I need to optimize the actual loading/parsing of a csv file (strings). The best way I know is the load-in-place algorithms and I successfully used it using JNI and a C++ dll that loads the data directly from a file made out of the parsed csv data.
It would have been fine if it stopped there but using that scheme only made it 15% faster (no more parsing of the data). One of the reason it is not as fast as I first thought it would be is because the java client uses jstring so I need to convert the actual data again from char* to jstring.
The best would be to ignore that conversion step and load-in-place the data directly into the jstring objects (no more conversion). So instead of duplicating the data based on the loaded-in-place data, the jstring would be pointing directly into the chunk of memory (note that the data would be made of jchars instead of chars). The real bad thing is that we would need to make sure the garbage collector doesn’t collect that data (by keeping a reference to it maybe?) but it should be feasible.. no?
I think I have two options to do that:
1- Load the data in java (no more jni) and use chars that are pointing to the loaded data to create the strings.. but I need to find a way to prevent the duplicating of the data when creating a String.

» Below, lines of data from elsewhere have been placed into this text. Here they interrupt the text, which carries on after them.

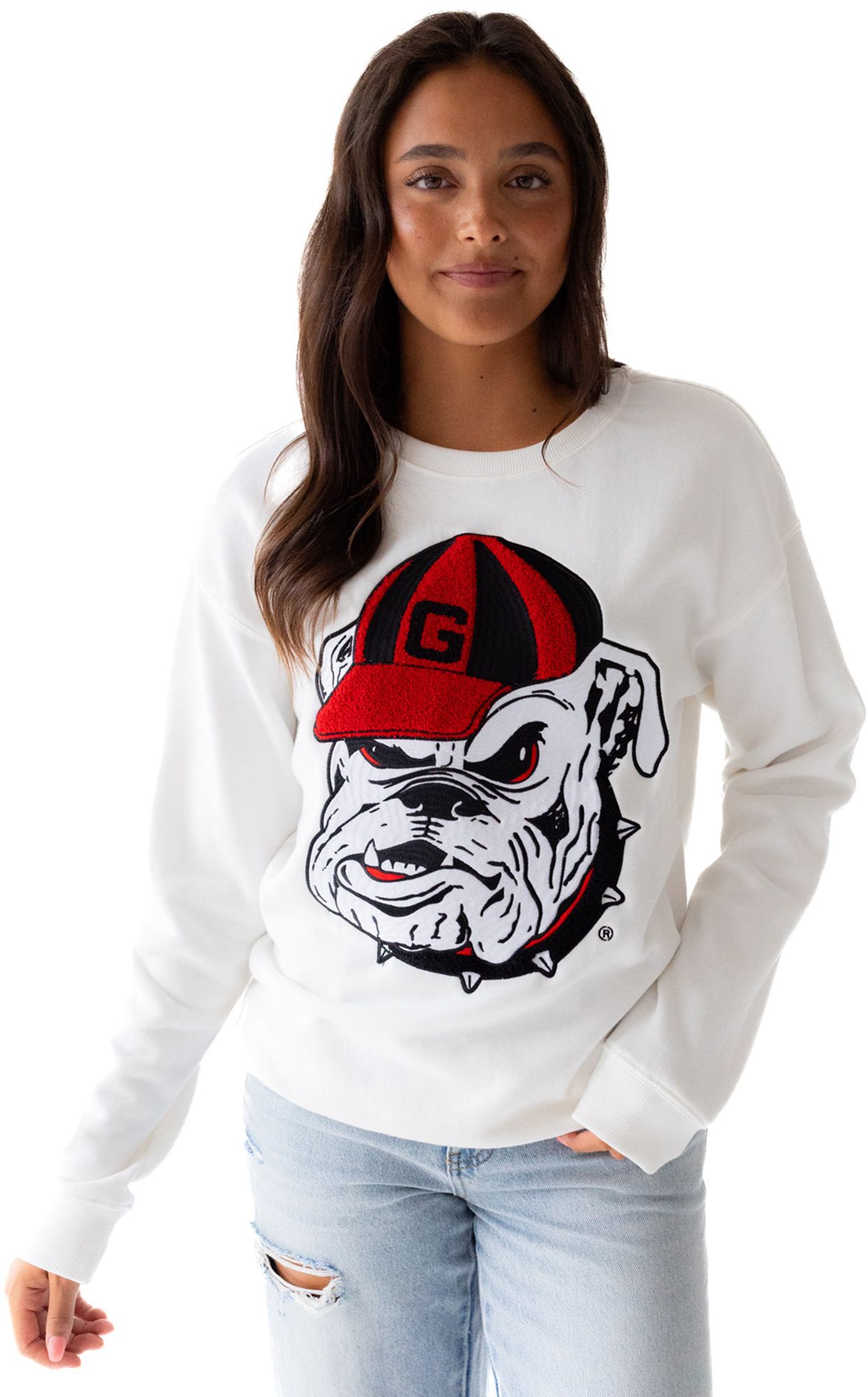 Gameday Social Women's Georgia Bulldogs White Chenille Mascot Crewneck Sweatshirt
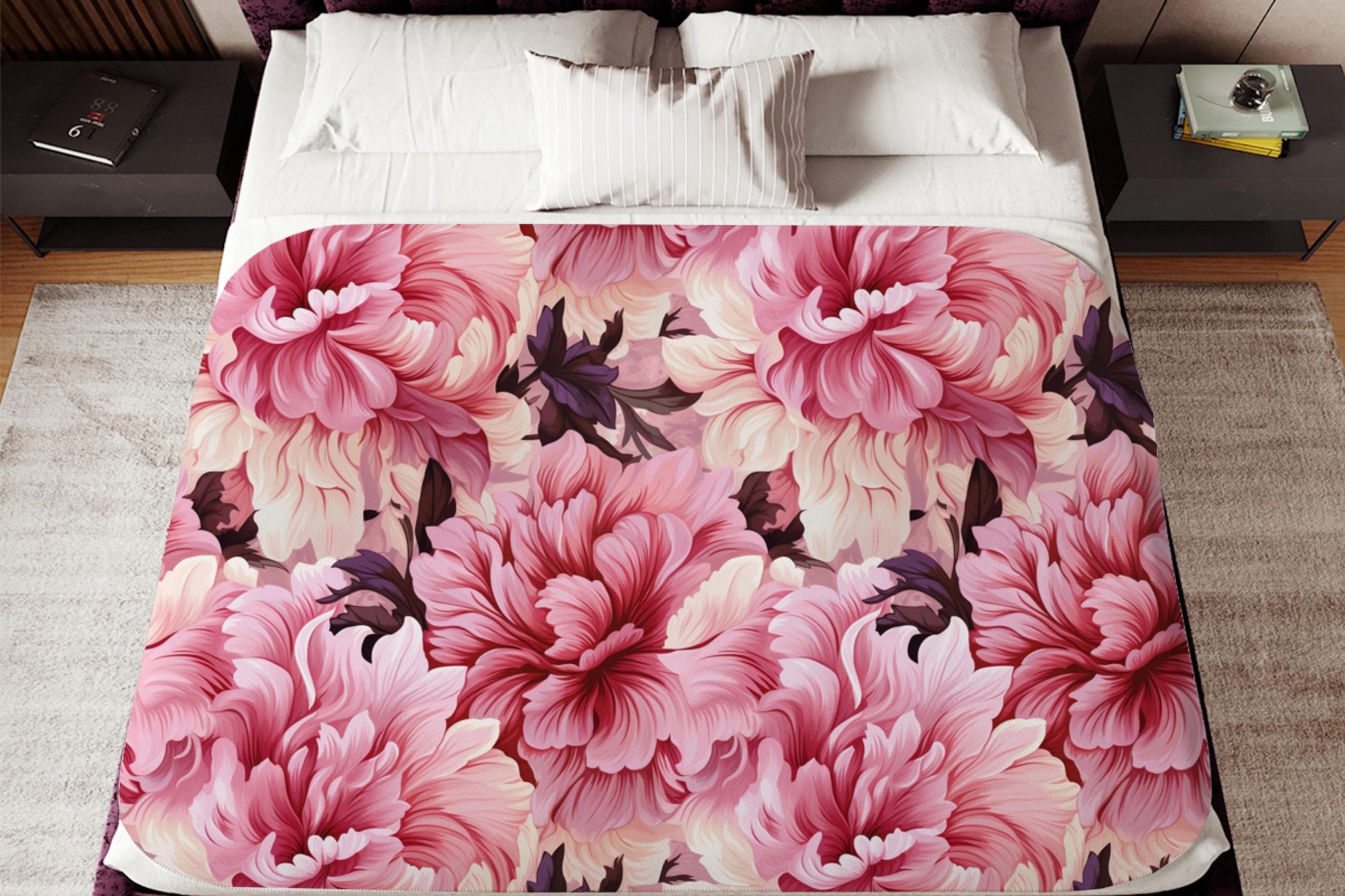 Pink Peony Sherpa Throw Blanket Large Floral Pattern
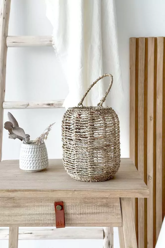 Ilumina tus espacios con un toque costero y natural. Nuestro fanal Surpan, realizado artesanalmente con seagrass, con su portavela de vidrio incluido, creará un ambiente cálido y acogedor en cualquier rincón de tu hogar.
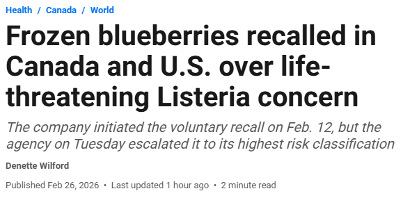 在加拿大和美国分销的近60.000磅冷冻蓝莓正在被紧急召回,原因是可能受到单核细胞增生李斯特菌(Listeria monocytogenes)污染。
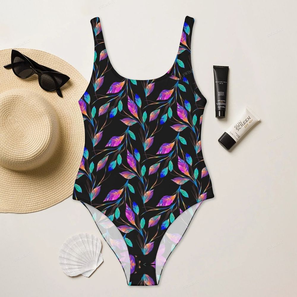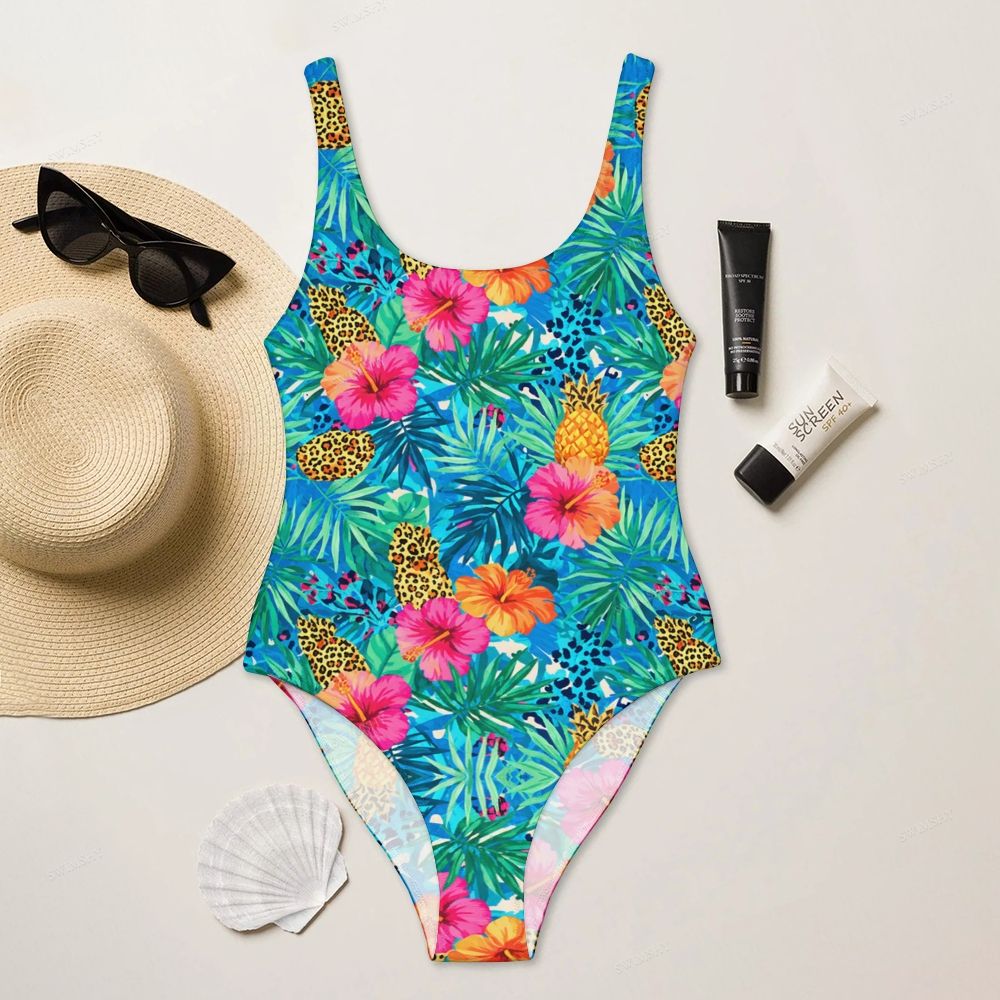 Colorful Tropical Floral Print Round Neck Back Zip One Piece Swimsuit
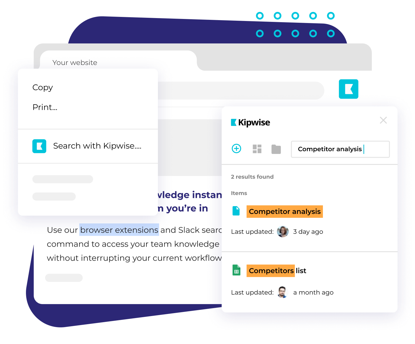 Gain universal access to your company’s internal knowledge by installing the Kipwise Chrome or Safari extensions. Simply key in your search terms or highlight any text on a web page to perform a quick search. Source the information you need fast while working in any web app.
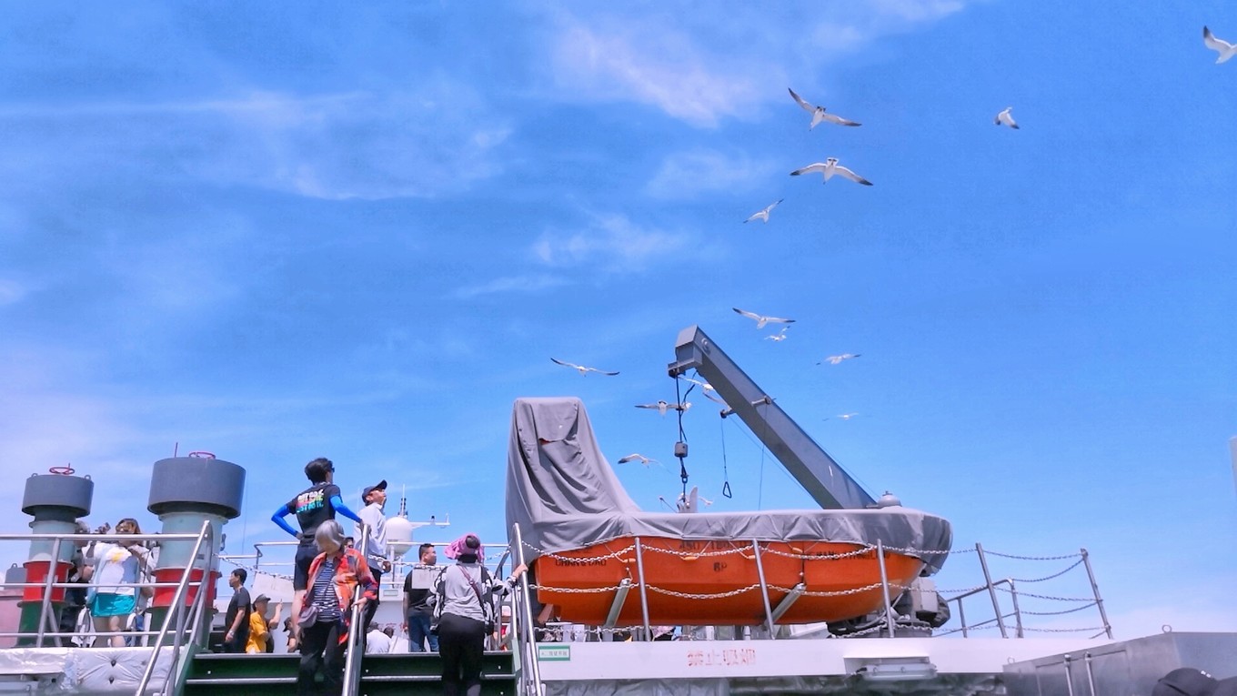 我們不會(huì)登陸萬鳥島,只會(huì)開船繞島一圈,可以看到島上生態(tài)環(huán)境很好,而且海鷗也確實(shí)是在萬鳥島周圍最多。登陸廟島其實(shí)是沒抱多大期待的,廟島主要是媽祖廟地,道教的,可以進(jìn)行拜謁。我們主要是來廟島找洗手間,因?yàn)榇系南词珠g真的是一言難盡,而且喂完海鷗手上一股魚腸腥味,很想洗手。但是找了很久,發(fā)現(xiàn)廟島的洗手間也是很簡(jiǎn)陋的那種,根本沒法洗手。不過廟島上的烤魷魚很好吃,玩了一上午剛好餓了吃了一串烤魷魚,很滿足。在漁家樂吃完午飯就準(zhǔn)備返程啦。

2- Continue using jni to “manually” create and set the jstring variable and make sure that the garbage collector options are set properly to prevent it from doing anything to it. For instance:
jstring str;
str.data = loadedinplacedata; // assign data pointer
return str;
Not sure if that’s possible but I wouldn’t mind just save the jstring directly into the file and reload it like that:
jstring * str = (jstring *)&loadedinplacedata[someoffset];
return * str;
I’m aware that this is not the usual Java thing, but I’m pretty sure Java is extensible enough to be able to do that. And it’s not like I really have a choice in the matter… the project is already 3 years old and it needs to work. =S
This is the JNI code (C++):
const jchar * data = GetData(id, row, col); // get pointer of the string ends w/ \0
unsigned int len = wcslen( (wchar_t*)data );
// The best would be to prevent this function to duplicate the data.
jstring str = env->NewString( data, len );
return str;
Note: The code above made it 20% faster (instead of 15) by using unicode data instead of UTF8 (NewString instead of NewStringUTF). This shows that if I can remove that step or optimize it, I’d get quite the good performance increase.
Well… seems like what I wanted to do is not “supported” by Java unless I hack it.. I believe it would be possible to do so by using GetStringCritical to get the actual char array address and then find out the number of characters and such but this is way beyond “safe” programming.
The best work around I found was to create a hash table in java and use an unique identifier processed while creating my data file (acting similar to .intern()). if the string was not in the hash table, it would query it through the dll and save it in the hash table.
data file:
numrow,numcols,
for each cell, add a integer value (in my case the offset in memory pointing to the string)
for each cell, add string ending with \0
By using the offset value, I can somewhat minimize the number of strings creation and string queries. I tried using globalref to keep the string inside the dll but that made it 4 times slower.